Last year we published The State of Automated Factchecking, a roadmap that sets out that automated factchecking is within our sights. Not the far flung Skynet future, but rather automating parts of the factchecking process using technology that’s available now. We are developing tools to help us scale, target, and evaluate our factchecking work.
So when Flax, the open source search experts, who also run the Solr/Lucene meetup, suggested we run a hackathon together, we jumped at the chance. We picked a date, got a venue (thanks Facebook!) and got to work.
The big problem we were trying to solve was: how can we spot claims that we’ve already checked, but in new places? And can we do it in real-time?
We might factcheck a claim that one of our factcheckers spotted in a newspaper. But that claim might have appeared elsewhere in the media and political sphere: how can we then monitor and spot all those other instances? It's good to stop take one inaccurate instance of a claim out of circulation - but better if all instances are put to bed.
We also want to improve our live factchecking systems, so that instead of having to rely on cumbersome spreadsheets detailing all recent factchecks, we can build a system that will find matches of claims we've checked (and the accompanying verdicts) straight away.
There are many parts to this problem. It’s by no means simple, but for the hackathon we decided to break it down into 3 key areas that we needed help with:
- Real-time search
- Pre-processing of numbers
- Stacked tokens
Luwak is a stored query engine developed by Flax, it lets you search a rapid stream of documents to find whatever you might be looking for.
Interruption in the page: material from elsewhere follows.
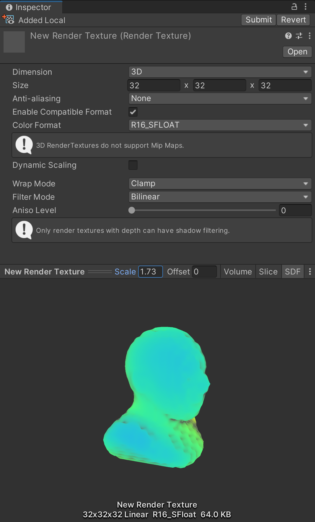 To preview the SDF, either select the SDFTexture GameObject in the Scene view or select the 3D render texture asset and use one of the 3D texture preview modes in the Inspector. If you use the 3D texture preview mode, adjust your scale appropriately.

In our case: factual claims.
The hackathon team made it possible for us to deploy Luwak as a component of our automated factchecking tools. This means we can process information in real-time for live factchecking.
For us this was a complete game changer. It means that we can start to build Full Fact Live. Full Fact Live will be a tool that takes a live stream, like the subtitles on Prime Minister’s Questions, and highlights claims that we’ve factchecked before. This means we can react faster when it matters most.
Huge thanks to the Luwak team at the hackday which included: Alan, Michael S., Jean-Francois, Michael K., Oliver, Emmanuel, Tom & Gerry. (Yes, really! We made sure they sat next to each other.)
We need the ability to tell our factchecking tools that “eleven million” is the same as “11 million” is the same as “11,000,000”. Converting words to numbers sounds like an easy problem but as the pre-processing team found out it’s not so easy. The best code they could find didn’t support fractions, or ranking words like “first” or “second”.
Why is pre-processing important? It means that we can match much more accurately with much less human effort than was possible before.
By the end of the day the team had made some important decisions, identified some awkward edge cases, and started to think about how we could adapt the system for other countries. It helped to have Spanish-speaking Pablo Fernandez from Chequeado, the Argentinian factchecking organisation, with us that week!
One of our roadmap principles is ‘Think global’, and from the start we want to think through how to make automated factchecking work in different languages and contexts.
We’d like to thank the brilliant pre-processing team which included Derek, Jenna, Stanislav, Pablo, Phoebe and Andy. For more detail you can read Derek’s blogpost.
This was the most experimental of the projects. We wanted to be able to automatically detect phrases like “something is rising” where “something” is a noun phrase or similar. This could for example be “crime is rising”.
This is phase two of our plans, not just being able to identify claims we’ve factchecked already, but being able to spot claims that we can automatically check too.
The team of Solr experts here have really helped us grapple with one of the big future challenges and given us the ability to work out how to take the next steps towards ever more nuanced types of searches.
Thanks to Christine, Alessandro, Andy and Periklis for taking this on!
We are so grateful to everyone who attended and made our problems their own. We really didn’t think we could accomplish so much in one day. Huge thanks to the Apache Solr user group and beyond, Facebook who hosted us (and kept us well watered and fed), and special thanks to Flax for organising the day and for their continued support in helping us push forward the boundaries of automated factchecking.